# how many banjo catfish can i keep in a 10 gallon?



## Satyr (Sep 29, 2008)

i have one banjo right now. id like to get more and i was just wondering how many i can fit into a 10 gallon. they will be the only fish in there.


----------



## jones57742 (Sep 8, 2007)

Satyr said:


> i have one banjo right now. id like to get more and i was just wondering how many i can fit into a 10 gallon. they will be the only fish in there.


My gut reaction is none but this reaction depends upon many factors which you have not set forth.

Please refer to these *various items*.

TR


----------



## TheOldSalt (Jan 28, 2005)

There are a number of species of banjo cats, and some of them get quite large. I would venture that two is a good number which should cover most of them


----------



## justintrask (Jun 29, 2008)

I had 3 in my 10G for a year or two without problems until i moved them into my dads 75G.

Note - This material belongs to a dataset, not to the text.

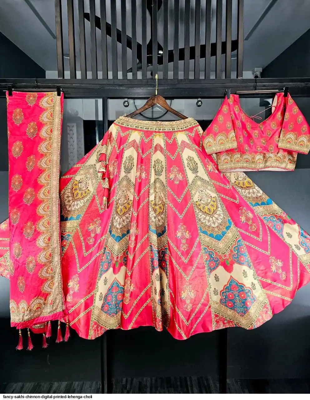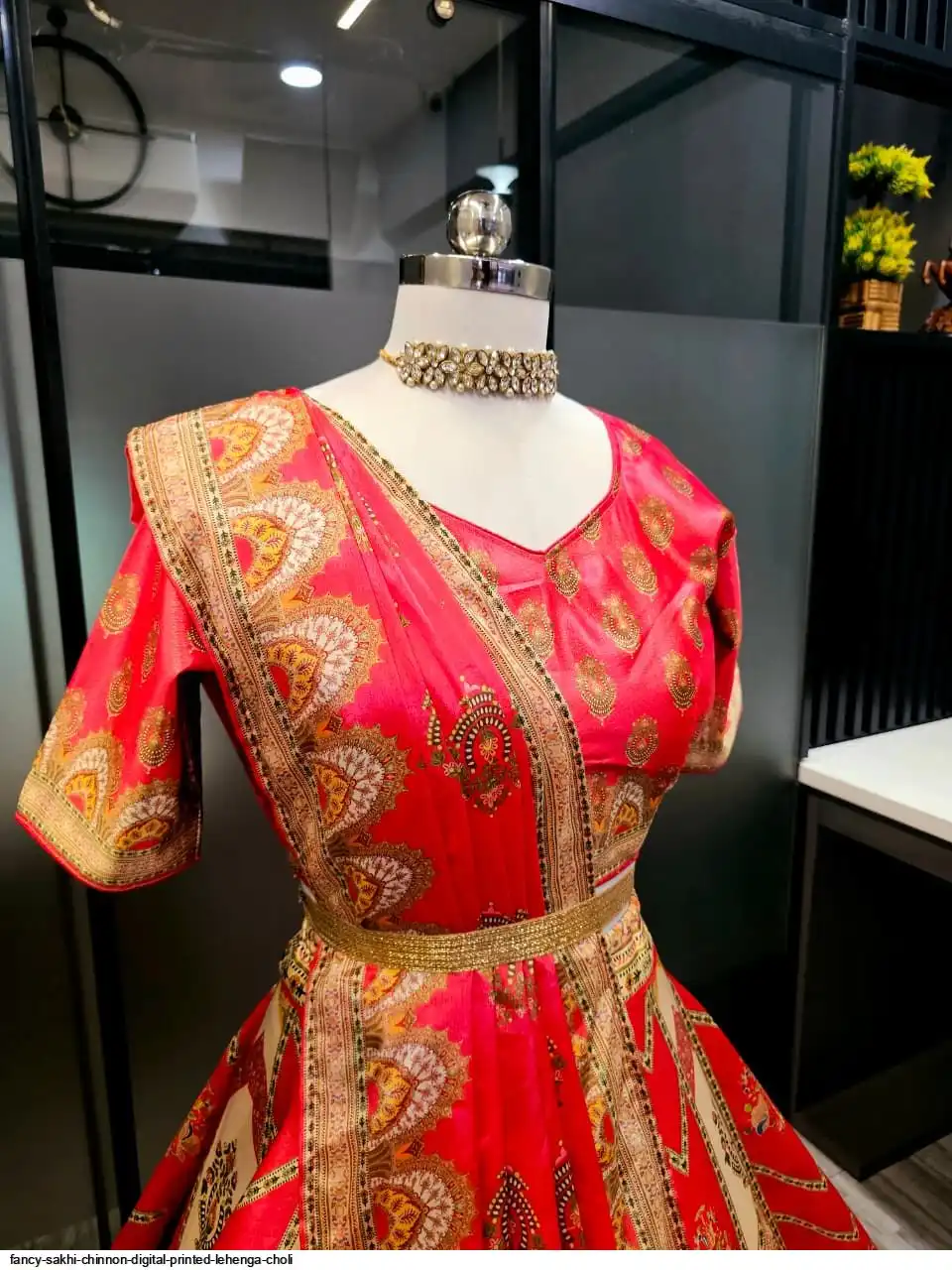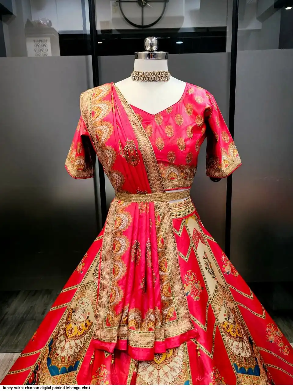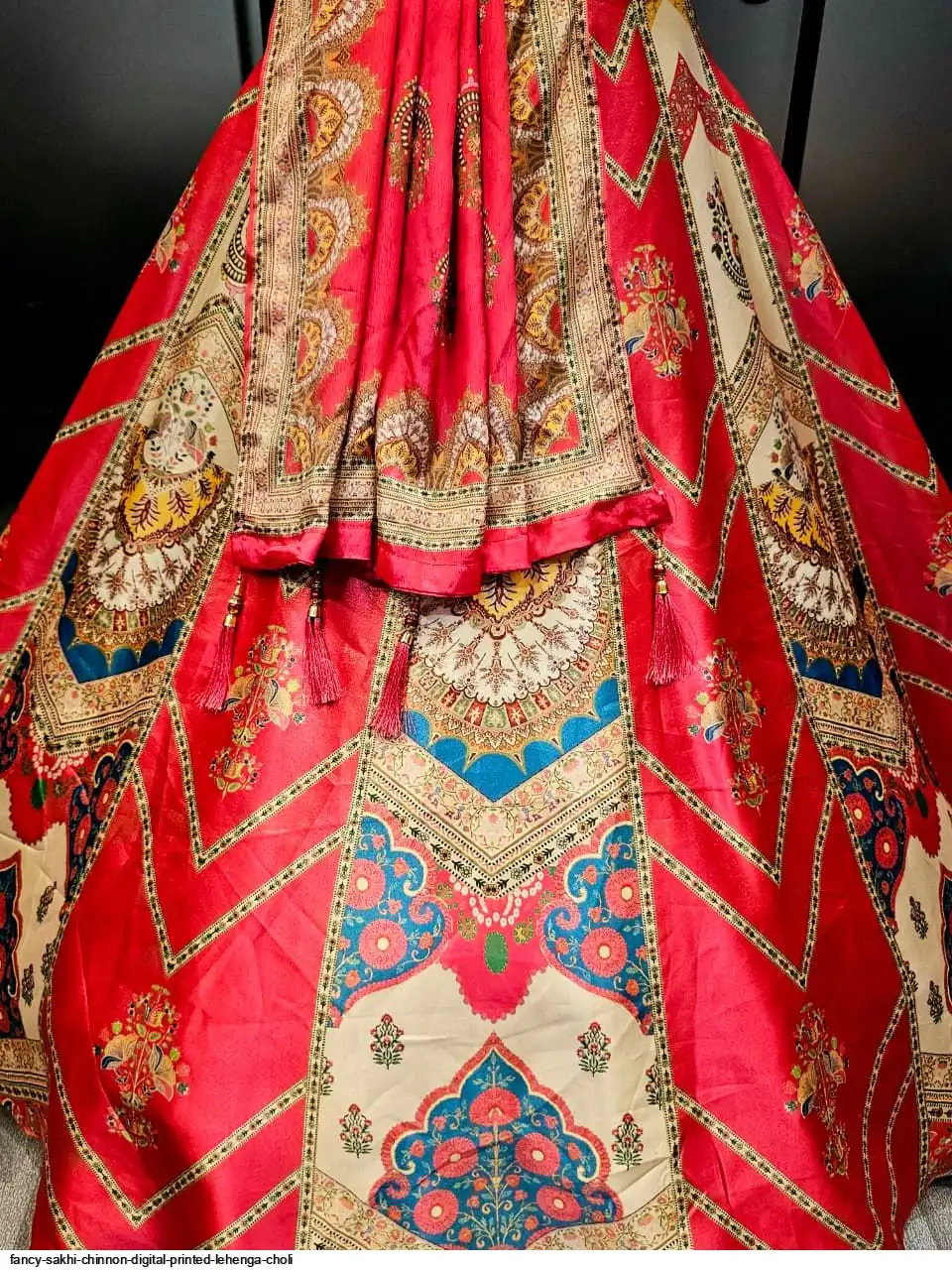 Wedding Special Lehenga Collection Digital Printed Attractive Wedding & Party Wear & Sider Wear Fully Stiched Lehenga choli has a Regular-fit and is Made From High-Grade Imported Zari Fabrics With Canken With Chinon Printed Duptta With Fancy Latkan And Yarn.

All I want to do is make sure you know they need a sandy bottom because they like to borrow, and if they try to bury themselves in pebbles, they will hurt themselves. And expect to see them most active at night.


----------



## Sea-Agg2009 (Aug 2, 2008)

I have had a banjo catfish in a 12 gallon for over a year, he is about 4 inches long. I would not have more than one in a 10 gallon, and make sure they have lots of hiding spaces.


----------



## Satyr (Sep 29, 2008)

i was gona put black sand in there. mine is about 5". iv found some that are babies at 2-3" and i thought i might get two more ( a total of 3) and stick them in a 10 gallon by themselves. black sand and slate rock structures, moonlight. if they get along i dont see why it wouldnt work. if they fight then ya i would need to have maybe just the one i have now but iv been told that they school together at night so i really dont think they wolnt get along. anyone got any actual experience with this? no offense but i know a bunch of articles online are misleading so im looking for personal experience here.


----------



## Sea-Agg2009 (Aug 2, 2008)

remember babies grow. They may only be 2 inches now, but they will got to be about 5". Also remember that being these fish will compete not only for food, but hiding places as well. Having so many banjos in the same tank will stress them out, even if they are the only fish in the tank. I would keep the one in there, and put another small fish in tank as well.


----------



## ThatFishKid (Aug 9, 2008)

Coincedentally, after I read this thread, and thought hmm, my tank seems perfect for one of these, it's too bad i can't get one. The next day, i went to the Aviarium (local fish/bird store) and lo and behold: A TANK FULL OF BANJO CATS! needless to say I bought one, and he LOVES my sand/pea gravel mix bed as well ast the plants and caves. As long as I do an after dark feeding he's been eating. being a fin of unique looking/behaving fish, i think that once i get rid of my last 2 female convicts, I'm deffinately getting 1 or 2 more. 

so there's my 2 cents.


----------